Certainly, the system thus described would need to be of immense complexity, and no three-particle system would suffice to furnish all of these purposes. Therefore, no system of three particles, or even three million of them, has ever been observed to be alive. However, let us examine a typical human being whose body has about 1028 atoms in it, which, for all purposes of macroscopic analysis, can be considered fundamental discrete particles. Might it not be possible for a system of 1028 particles to be arranged in such a manner as to facilitate adequate and long-term responses to a multitude of external forces that would attempt to disrupt the system and its processes? Of course, not every system of 1028 particles will necessarily suffice for this purpose, as the spatial arrangement of specific particles in the proximity of specific others is essential to the functions such a system would need to undertake in order to be deemed alive. (For example, not every way that A pushes B will guarantee that B will come into contact with C.) Furthermore, the particles themselves and their specific natures are also crucial in determining the adequacy of the system for sustaining itself. The human body possesses an unparalleled diversity of atoms and molecules in it, many types of which are compartmentalized into particular cells, tissues, and organs so as to be more effectively devoted to the purpose with which they are most commensurate. A large metal ball, however, though it might even have more particles in it than a human body, is still inert matter, because its constituent elements are not diverse enough to facilitate the complex functions necessary for the metal ball to be able to resist external forces that preclude it from sustaining its activities indefinitely and on its own.

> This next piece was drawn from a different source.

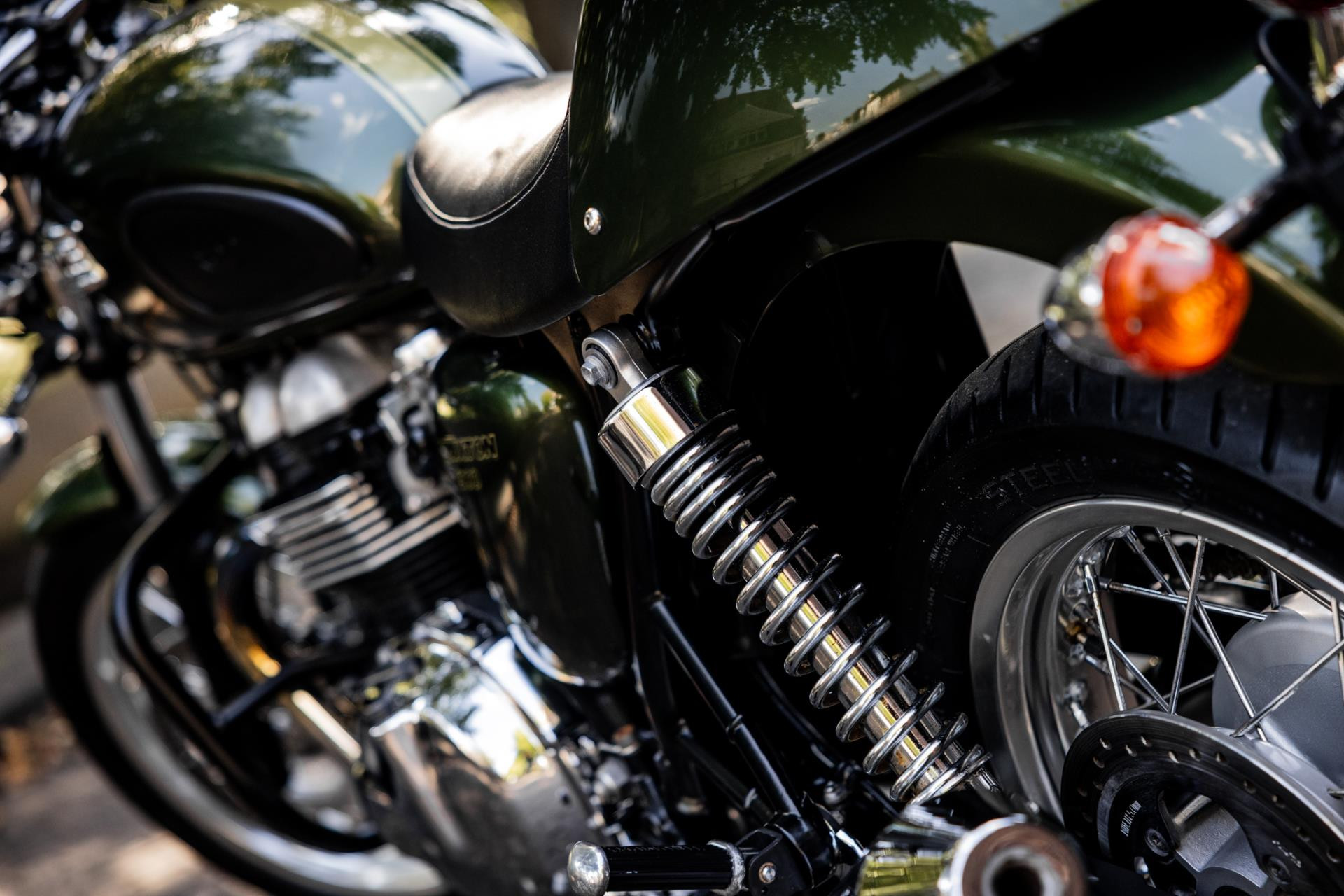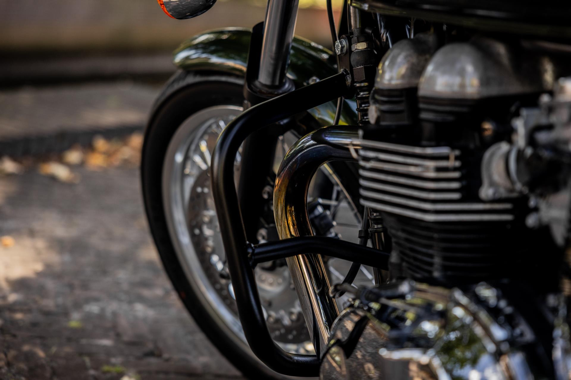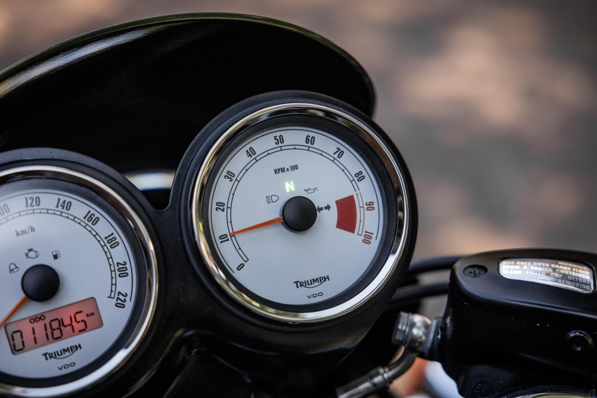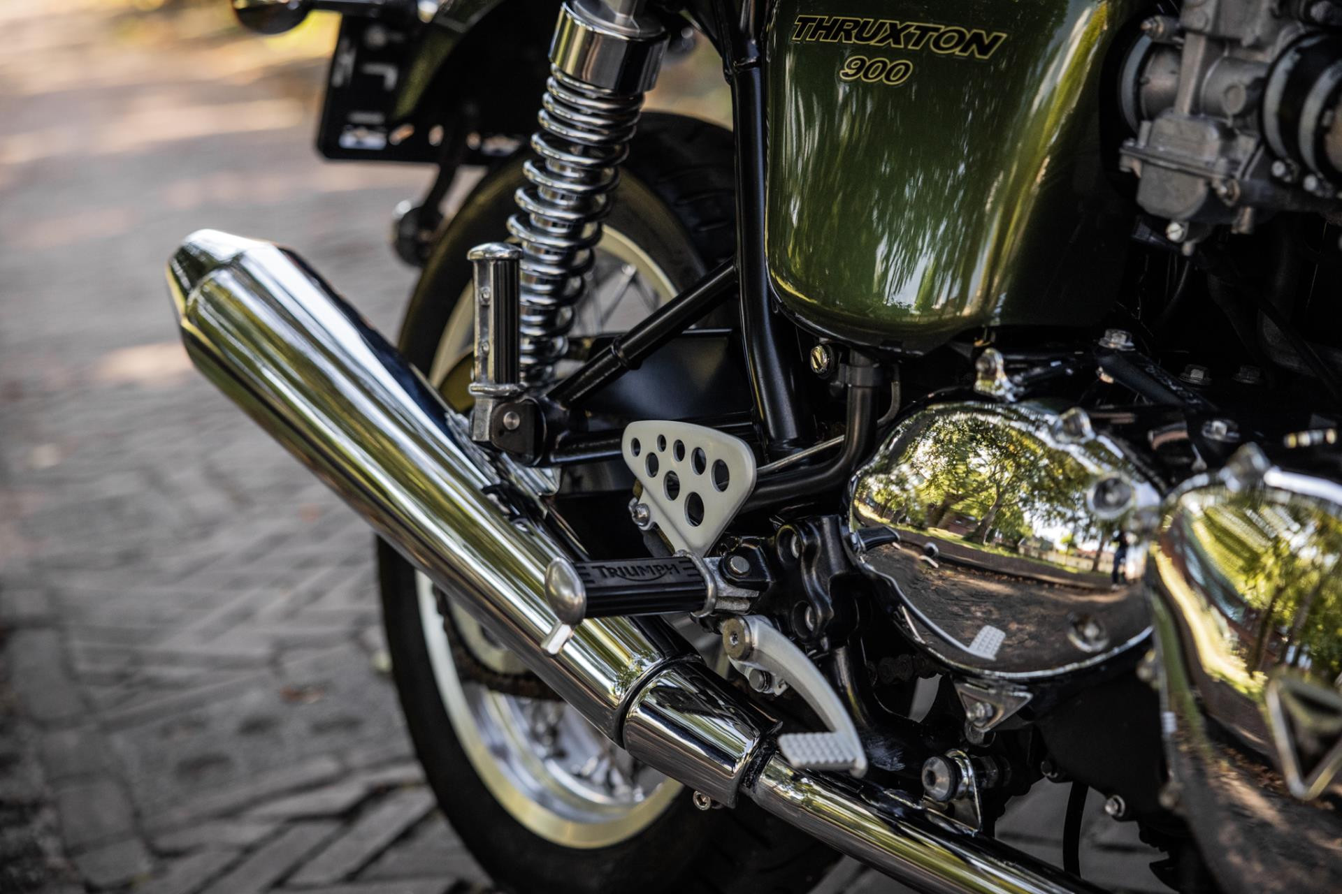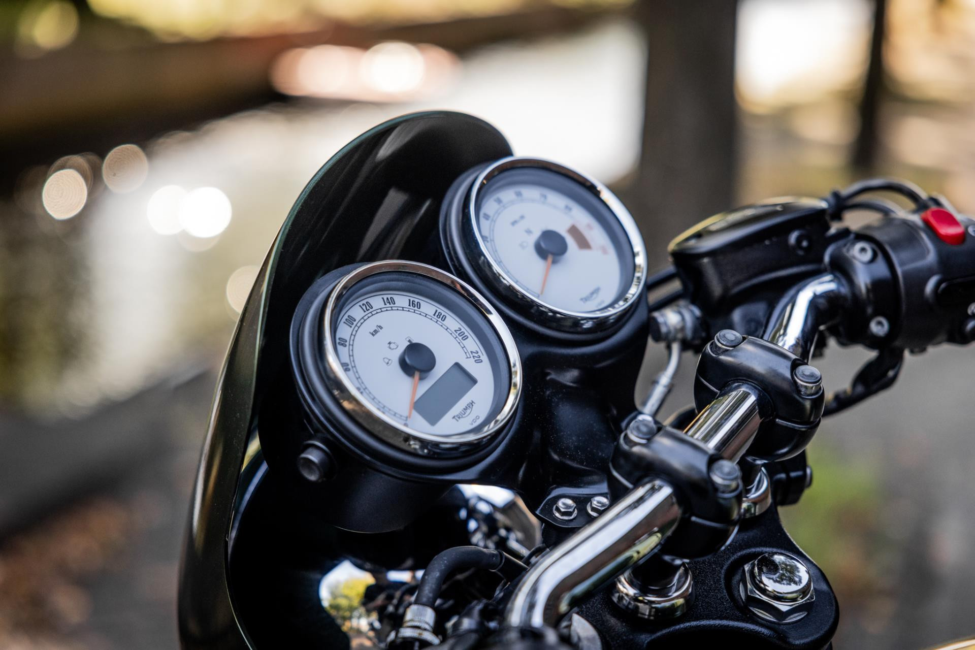 Onder het zadel ligt namelijk een 865cc luchtgekoelde parallel-twin die goed is voor 69 pk. Dankzij het lage gewicht van 219 kg en de korte overbrengingen sprint deze Thruxton in slechts 5 seconden naar de 100 km/u. De rijbeleving is direct, levendig en karaktervol – precies zoals je dat van een echte Triumph mag verwachten. De motor voelt perfect in balans, zowel in de stad als op bochtige dijkwegen.

How, one might ask, is it possible to have constituents which are inert matter add up to a system that is not, i.e., a system that is alive? Would that not imply that the whole needs to be greater than the sum of its parts, or any other sort of creation ex nihilo? But this is not at all the case. One of the parts that constitutes the whole in this system is the sum of the spatial relationships among the various cells, tissues, and organs of the body. By themselves, the cells, tissues, and organs are indeed inert in most cases, as they do not exhibit the necessary spatial and motional relationships to other cells, tissues, and organs. When they do exhibit such relationships, however, another factor has been added into the equation, which makes the sum of its parts precisely equal to the sum of its parts, i.e., a living system.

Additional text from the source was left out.